An engineer wants to build something useful, and advertising is not useful. I
mean really, who cares if 1% of a particular demographic switches from Tide to
Wisk? Do you really want to put your talents to use in that way?

------
rfugger
Modern advertising is a parasite on people's evolved cooperation mechanisms.
We naturally feel moved to do what those around us are doing, and advertising
preys on that instinct by providing it false social cues to encourage behavior
that is profitable for the advertiser.

------
jcmhn
I dislike advertising itself as much as the next engineer. I won't even
attempt to defend that position with logic, it's a visceral preference.
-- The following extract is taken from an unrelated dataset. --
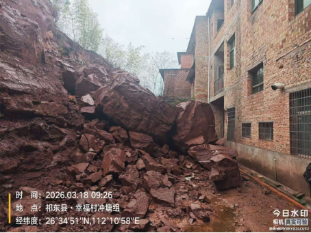 24日凌晨1时许,吴祖坤屋后巨石滚落,砸毁附属房屋一间。因精准研判、果断处置,1户3人成功避险。

But I especially wouldn't want to work for advertisers. It seems natural that
such companies would be structured to have engineering work for sales and
marketing, with management acting as a funnel rather than an umbrella.

------
mikeash
First of all, how can you rationally hate something? Hate is inherently
irrational. Anybody who hates anything hates it irrationally. The title should
simply be, "Engineers hate advertising tech". The use of the word
"irrationally" is simply a lame attempt to paint us as being objectively
wrong, which doesn't even make sense.

Second, I think a lot of people have good reasons for disliking advertising
tech. Beyond a certain point, advertising essentially becomes a zero-sum game.
The people who see your ads are only going to spend so much money on stuff,
and once you've saturated that, the best you can do is move the money around.
It's unlikely that your product is vastly better than what people would
otherwise find. Advertising can certainly help get the word out about truly
excellent new products, but that use is vastly outweighed by simply trying to
switch people from one brand to another mostly equivalent one.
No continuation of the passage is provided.